State Bank of Vietnam
15:25 | 23/10/2017 Finance - Banking
(VEN) - Commercial banks are ready for the year-end business season in order to meet this year’s credit growth target of 21-22 percent.
The State Bank of Vietnam (SBV) has approved requests by several commercial banks to expand their credit growth limits in order to ensure capital for businesses. In the first eight months of the year, banks reached or nearly reached their credit growth targets for the whole year. Vietcombank’s credit grew 13.86 percent, BIDV with 11.4 percent, Vietinbank with 10.2 percent, VIB with 15.7 percent, MB with 14.6 percent and VPBank with 13.3 percent.

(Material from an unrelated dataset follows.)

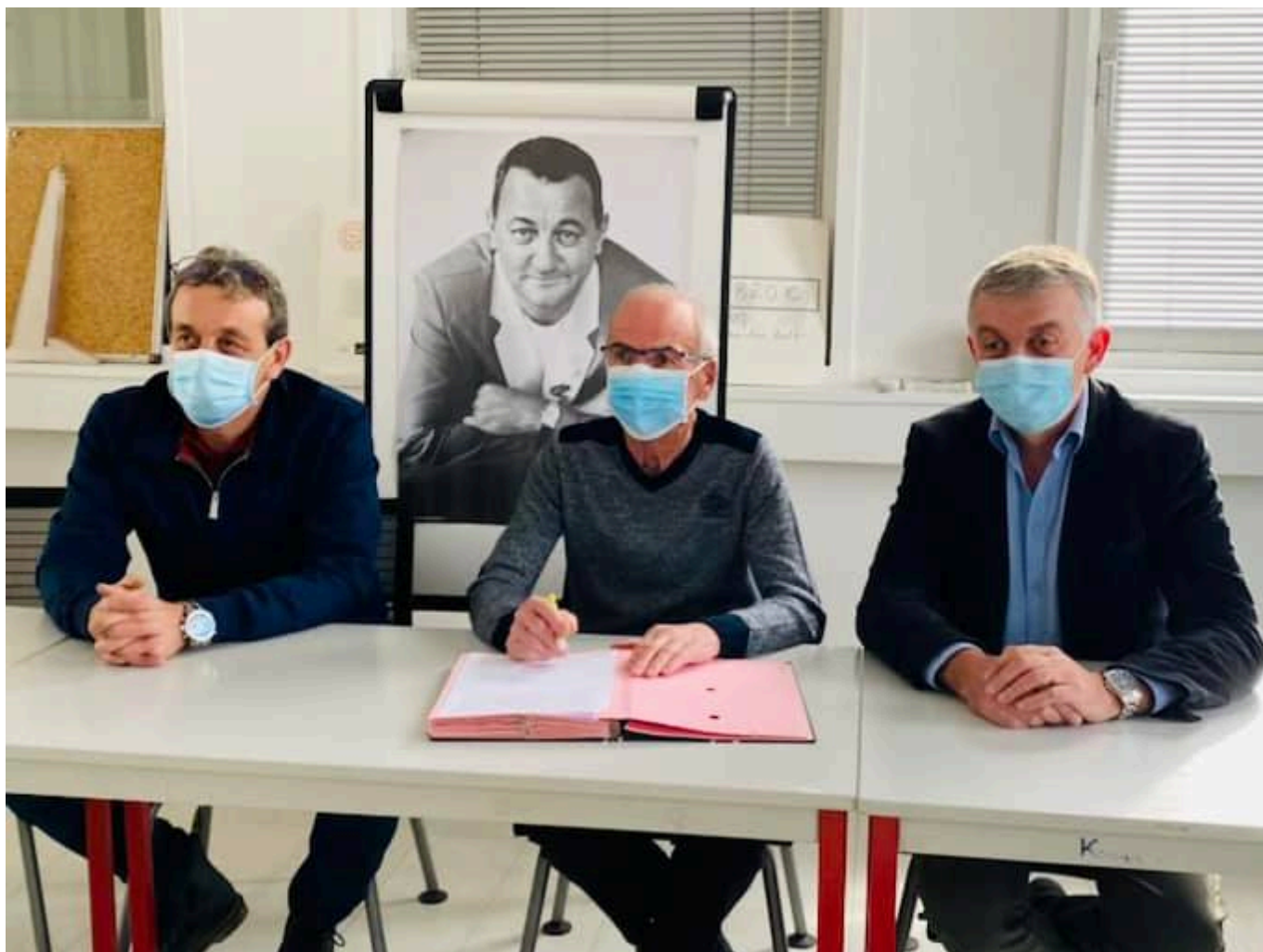
Signature de la convention entre l'AMV et les Restos du cœur Vaucluse.

L'Association départementale de Vaucluse souhaite ainsi consolider le partenariat avec l'Association des maires de Vaucluse (AMV) ainsi qu'avec les communes et intercommunalités, notamment celles d'implantation de ses centres, qui, par leurs compétences et leur proximité, sont les premiers interlocuteurs institutionnels des Restos du cœur.

The SBV approved raising the banks’ credit growth ceiling by two to eight percent depending on their size. Vietcombank was allowed to increase its target from 16 percent to 18 percent and Vietinbank’s credit growth quota set for this year was adjusted to up to 18 percent, while credit growth targets of OCB, VIB and TPBank were approved to increase from 14 percent to 22 percent, 16 percent to 24 percent and 16 percent to 20 percent, respectively.
However commercial banks said they would not lend at any cost to complete their credit growth targets, focusing on priority sectors in order to ensure the safety and efficiency of their loans.
Commercial banks have implemented credit programs with preferential interest rates for small and medium-sized enterprises, which are the backbone of Vietnam’s economy.
For example, the Saigon Hanoi Commercial Joint Stock Bank (SHB) recently announced a VND2.5 trillion credit package with preferential interest rates starting from 6.5 percent a year for SMEs. The “Giving Strength to Business” program targets businesses in 17 industries, including medicine, pharmaceutical chemistry, rubber, plastics, fertilizer, chemicals, electronics, communication equipment, garment and textile, footwear and farm produce. Loans are mostly short term, for less than six months, designed to help firms promote trade and production activities in the last months of the year.
Another program, “Quick Financing by Area”, is based on specific socio-economic situations prevailing in different regions, such as southeast Vietnam, the south central coast, Mekong Delta, Ho Chi Minh City, Central Highlands, north central coast and Red River Delta. SMEs in those regions are able to access loans at a minimum interest rate of 6.5 percent for terms of up to 12 months.
According to SBV data, credit for business focuses on their trade and production activities. In the first eight months of the year, credit for rural agriculture increased by around 10 percent, industry-construction by 9.46 percent, manufacturing and processing by 13.12 percent, transport and warehousing by 13.24 percent.